As we can see, we get back a list of items with each one representing an order, that contains all the information that we would like to use for further analysis. information like the discount that we might have applied, the taxes paid, the base price of the order etc. As we might have many order objects to retrieve, we should paginate through the results. To do that, we need to provide the “page” and “limit” parameters to our GET request.

Now that we have the results from our Magento shop, we can further process it before we are able to load it into the BI platform of our choice.

Magento Data Preparation for Microsoft SQL Server

As in every relational database, SQL Server requires a well defined database schema before we start populating with data. Data is organized in schemas, which are distinct namespaces where database objects belong to.

The most common database objects are of course tables which have a number of columns with each one having a declared data type. MS SQL Server supports a large number of different data types.

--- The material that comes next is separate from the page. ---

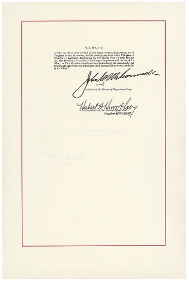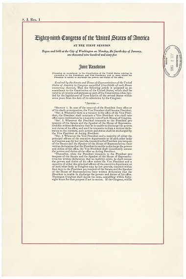 《美利坚合众国宪法》第二十五修正案(英語:Twenty-fifth Amendment to the United States Constitution)簡稱「第二十五修正案」(Amendment XXV),对美国总统和副总统职位因各种原因出现空缺时的继任程序作出了修正和规定,并增加了由副总统和内阁成员判断总统是否能够继续履行职责的新条款。宪法第二条第一款第六节中所规定的继任程序遣词并不明确,其中没有说明“如遇总统被免职、死亡、辞职或丧失履行总统权力和责任的能力时”,副总统究竟应该成为新任总统还是代理总统,亦未规定若副总统“被免职、死亡、辞职或丧失履行时”,副总统权力和责任的能力时又该如何處理,第二十五修正案对这两方面问题都作出了明确的回答。修正案于1965年7月6日由联邦国会提出,1967年2月10日获得了足够数量州的批准而生效。

Which give us great flexibility in expressing the data that we have and at the same time optimizing our data warehouse.

When working with data coming from web services, where data is usually serialized in JSON, it is important to correctly map the data to the right data types. As changing the data types in the future is a process that might cost in downtime of your database, it is important to spend enough time thinking about the proper data type assignments.

For example, dates in JSON are just strings, but when storing date objects in a database, we can enhance analytics with great capabilities by transforming the raw string data into an appropriate date type. A typical strategy for loading data from Magento to an SQL Server database, is to create a schema where you will map each API endpoint to a table. Each key inside the Magento API endpoint response should be mapped to a column of that table and you should ensure the right conversion to an SQL Server compatible data type.

Of course you will need to ensure that as the data types from the Magento API might change, you will adapt your database tables accordingly, there’s no such thing as automatic data type casting. After you have a complete and well defined data model or schema for Microsoft SQL Server, you can move forward and start loading your data into the database.

Load data from Magento to MS SQL Server

As a feature rich and mature product, MS SQL Server offers a large and diverse set of methods for loading data into a database. One way of importing data into your database is by using the SQL Server Import and export Wizard. With it and through a visual interface you will be able to bulk load data from a number of data sources that are supported.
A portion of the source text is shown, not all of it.